Sure, we can argue about how public monies are used and who gets the benefit and how much is finally required, but surely the necessity for them is an argument we don’t need to have.  Authorities, and the taxes that facilitate them, are in place for a reason, and even if those very authorities are ignorant of that larger purpose, the order they are designed to flourish is intrinsically connected with God’s overarching creative intent.  It isn’t about “sameness” or “numbing routine” (cf. Achtemeier); it is about justice, abundant life, and shalom.  In our country we might say it is about working together to recognize and protect that collective space where life, liberty and the pursuit of happiness can flourish.
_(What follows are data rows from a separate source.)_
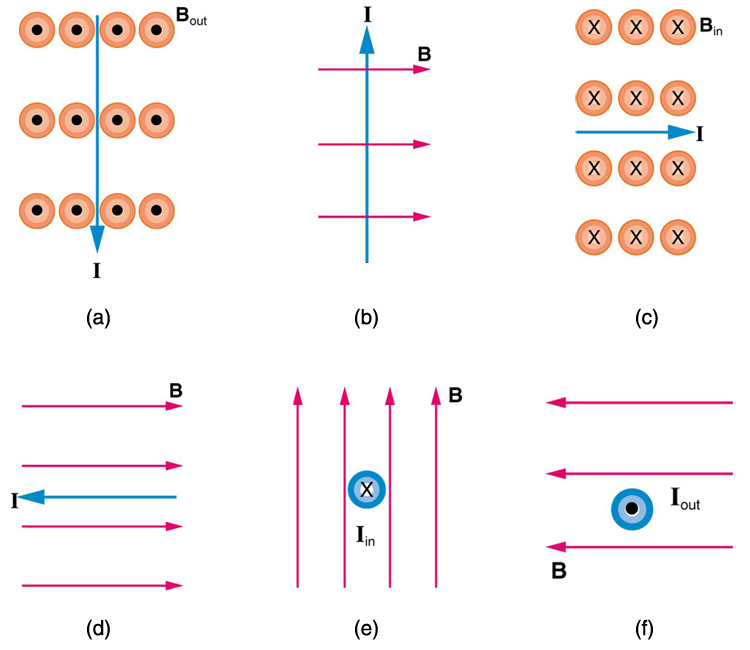 What is the direction of the magnetic field that produces the magnetic force shown on the currents in each of the three cases in (Figure), assuming \(\mathbf{\text{B}}\) is perpendicular to \(\mathbf{\text{I}}\)?
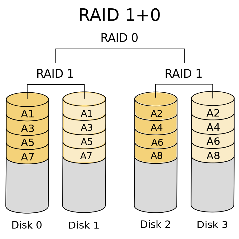 mit 4 bestückten 10 TB Festplatten im RAID 10 Modus.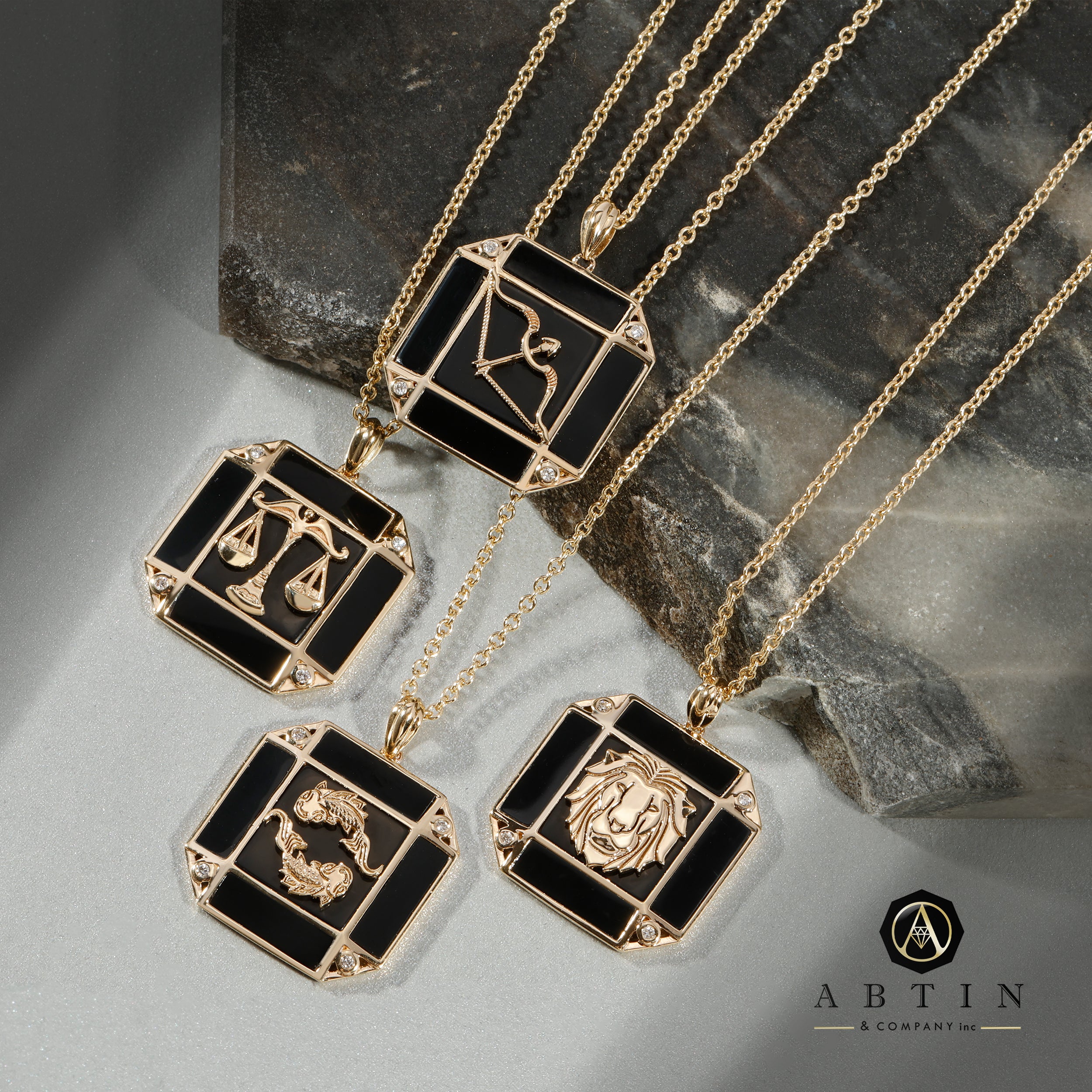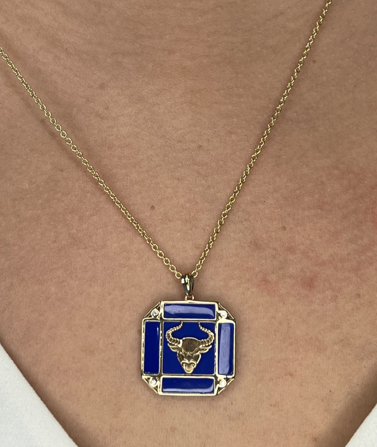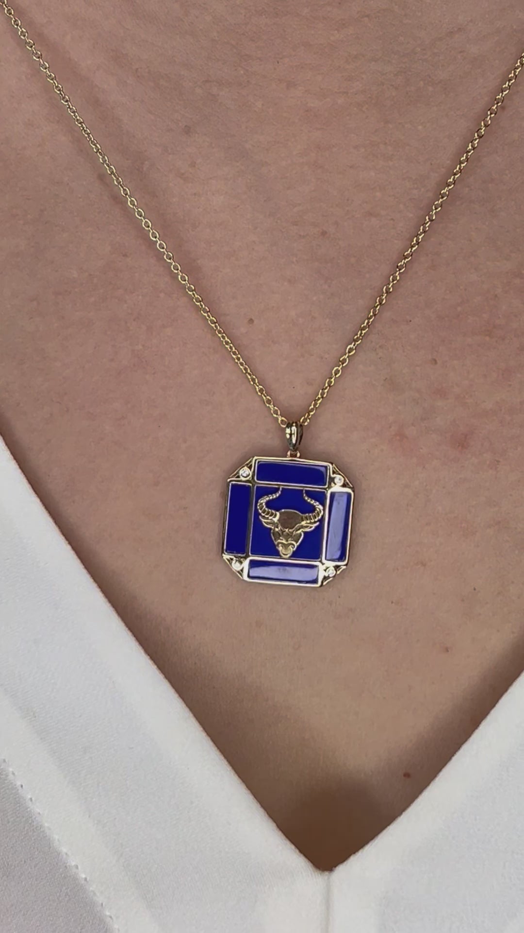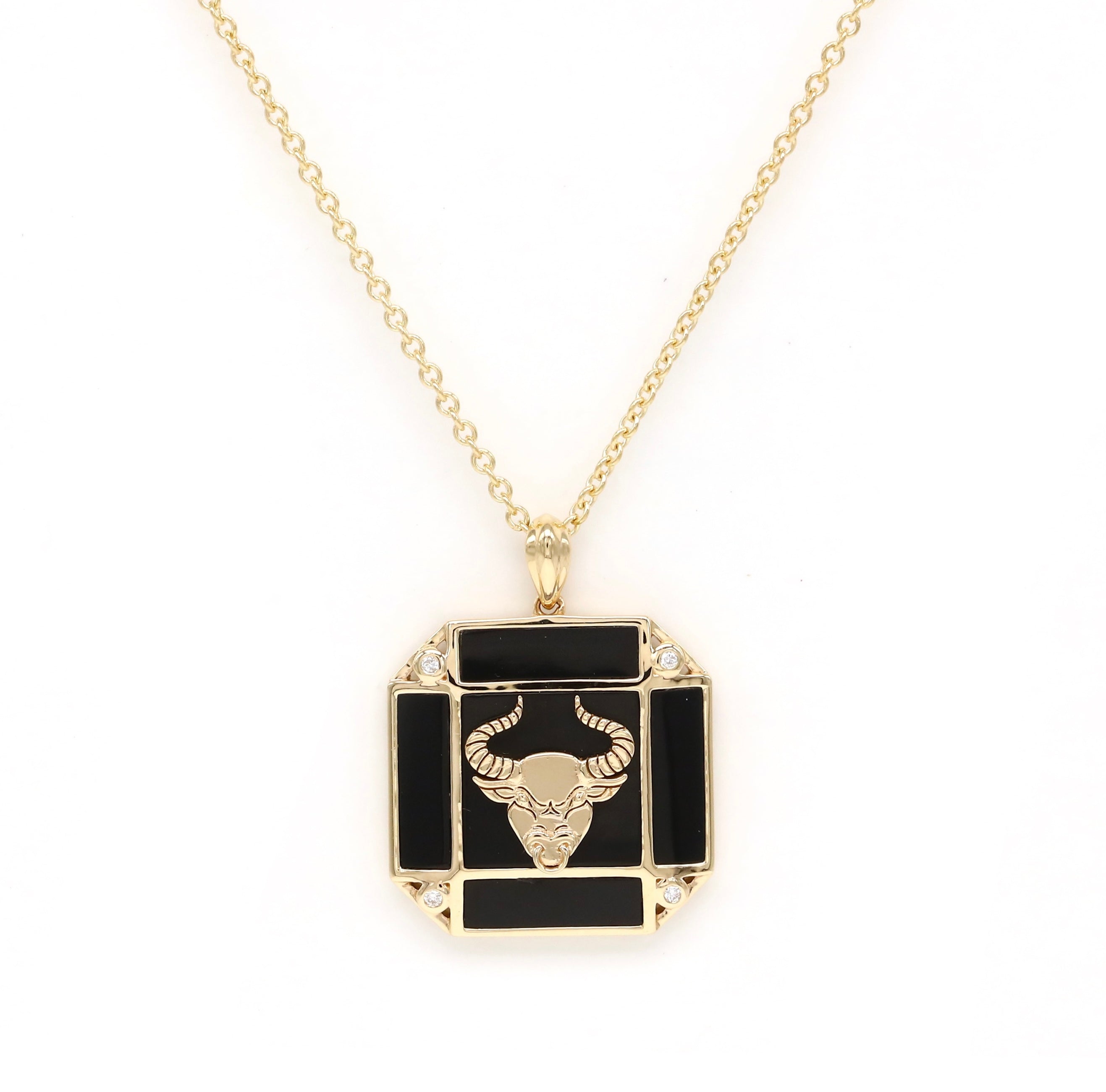 This trendy square pendant is a subtle yet stylish way to showcase a personalized touch. It is ideal for wearing alone or layering with other pieces. Featuring the Taurus Horoscope symbol for those born between December 22 and January 19, its chic and streamlined design makes it a standout choice. The bold and sparkling Horoscope charm is beautifully crafted in 14K yellow gold with an Onyx surface adorned with four round glistening diamonds on the corners. This stunning piece serves as the perfect centerpiece to enhance your layered look.

          God knows it is possible for governing authorities to conduct themselves in ways that oppose that divine intent rather than serve it.  When that happens, those governments have ceased to be that which Paul commended, and deserve – indeed demand – our efforts to correct or overthrow them.  But that is the sermon for next week. 

          It is enough for this week to simply call us to a healthy measure of respect.  We aren’t laws unto ourselves.  We are part of an ordered whole, and authorities – be they governments, Geneva Conventions, Leagues of Nations or County Commissions – all play their part in God’s disciplining, enabling vision.  Like them or not, having voted for them or not; argue with them if need be, and even campaign for their personal ouster if you must, we devalue and disrespect them at our peril.  A body with no bones simply flops.  A river with no banks dissipates into dryness.  A building with no joists and studs collapses.  And a people with no authority, like a cancer, cannibalizes itself until there is nothing left but to die. 

          It isn’t the last word on this subject, by any means, but it is necessarily the first:  honor – respect – the authorities that order us as strings in God’s instrument of grace.  The music they are help to make is good.